(Data entries)
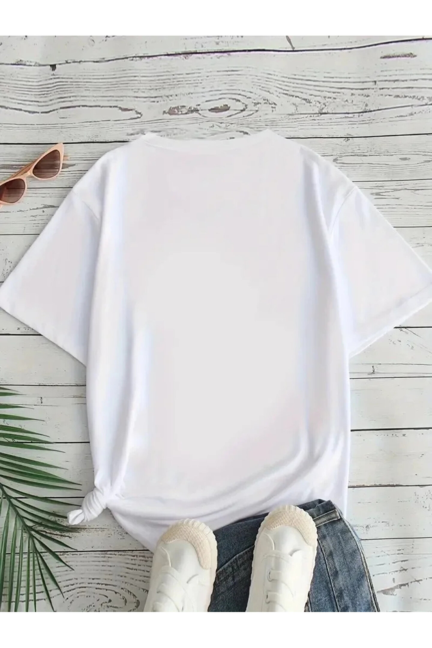 MODA Kadın Beyaz Ive Got Your Back Grafik Tişört - Eğlenceli Çubuk Tasarımlı Oversize Günlük
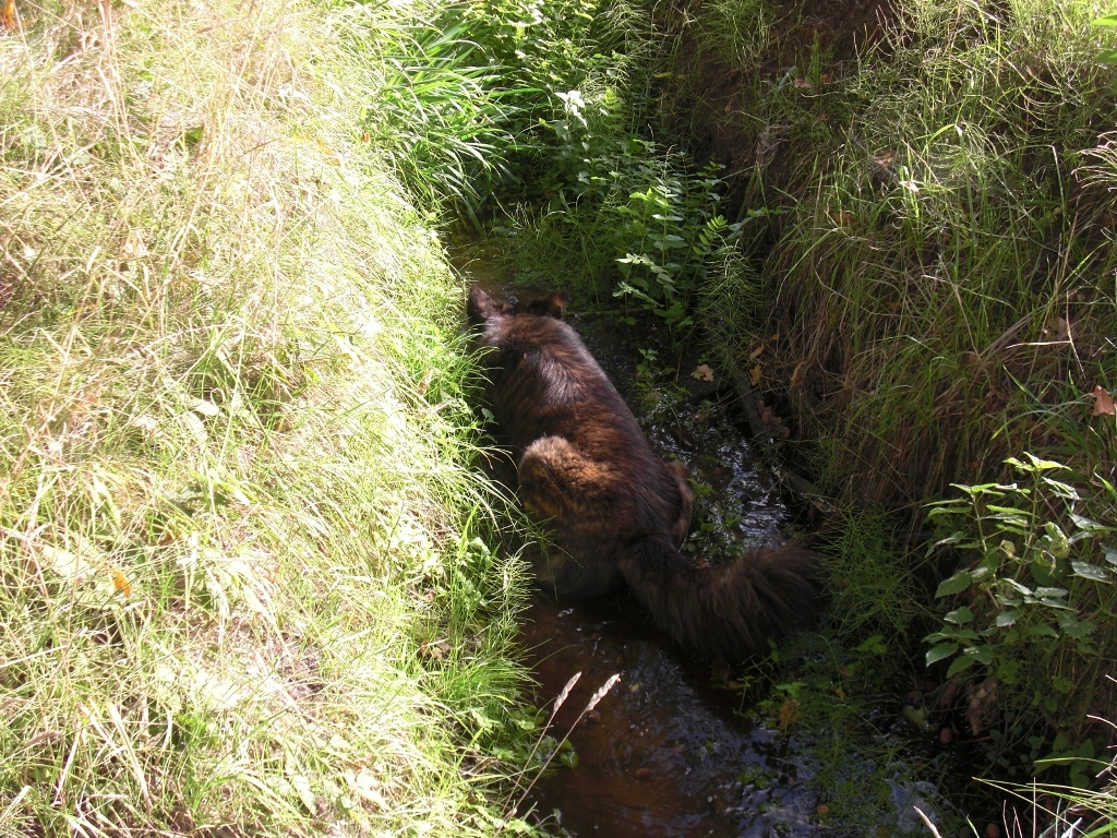 Der Wasserstand ist nicht sonderlich tief in dem Graben, aber um den Bauch einzuweichen langt es locker
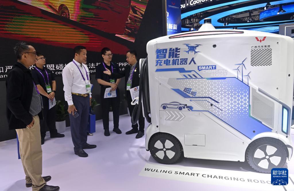 在廣西南寧國際會展中心,參觀者了解一款柳州產(chǎn)的智能充電機器人(9月19日攝)。
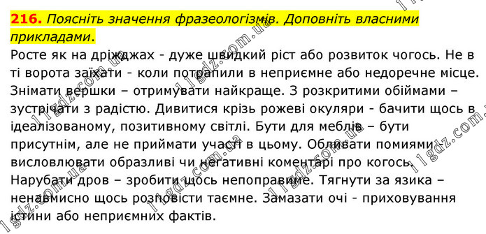 Поясніть значення фразеологізмів. Доповніть власними прикладами. Росте як на дріжджах - дуже швидкий ріст або розвиток чогось. Не в ті ворота заїхати - коли потрапили в неприємне або недоречне місце. Знімати вершки – отримувати найкраще. З розкритими обіймами – зустрічати з радістю. Дивитися крізь рожеві окуляри - бачити щось в ідеалізованому, позитивному світлі. Бути для меблів – бути присутнім, але не приймати участі в цьому. Обливати помиями - висловлювати образливі чи негативні коментарі про когось. Нарубати дров – зробити щось непоправиме. Тягнути за язика – ненавмисно щось розповісти таємне. Замазати очі - приховування істини або неприємних фактів.
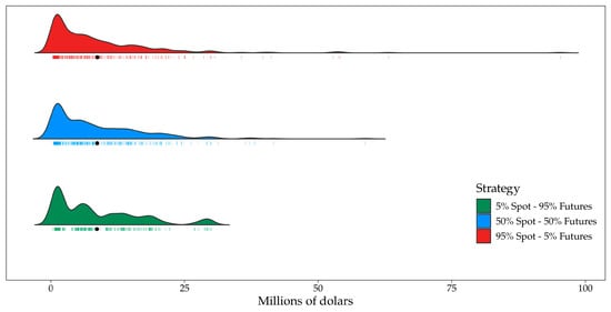 The cost transferred to regulated users through these strategies is calculated with component G, detailed in Section 3.1, specifically through expressions (2c) and (2d). Figure 9 shows the density plots of the three employed strategies. In an extreme scenario, a 95% exposure to the spot market leads to users bearing a cost of nearly one hundred million dollars (the point on the far right). Cost dispersion decreases as coverage through futures increases. This dispersion represents the market risk assumed by regulated users, and according to the results, it is mitigated with the hedges that need to be promoted through a liquid futures market, which must be promoted by the market maker proposed in the article.

**Assignment**. Within the data above, repeat exactly the lines from the one bearing "Der Wasserstand ist" through the one bearing "Поясніть значення фразеологізмів.". Include no pictures and nothing else.

**Finished exercise**.
 Der Wasserstand ist nicht sonderlich tief in dem Graben, aber um den Bauch einzuweichen langt es locker
 在廣西南寧國際會展中心,參觀者了解一款柳州產(chǎn)的智能充電機器人(9月19日攝)。
 Поясніть значення фразеологізмів. Доповніть власними прикладами. Росте як на дріжджах - дуже швидкий ріст або розвиток чогось. Не в ті ворота заїхати - коли потрапили в неприємне або недоречне місце. Знімати вершки – отримувати найкраще. З розкритими обіймами – зустрічати з радістю. Дивитися крізь рожеві окуляри - бачити щось в ідеалізованому, позитивному світлі. Бути для меблів – бути присутнім, але не приймати участі в цьому. Обливати помиями - висловлювати образливі чи негативні коментарі про когось. Нарубати дров – зробити щось непоправиме. Тягнути за язика – ненавмисно щось розповісти таємне. Замазати очі - приховування істини або неприємних фактів.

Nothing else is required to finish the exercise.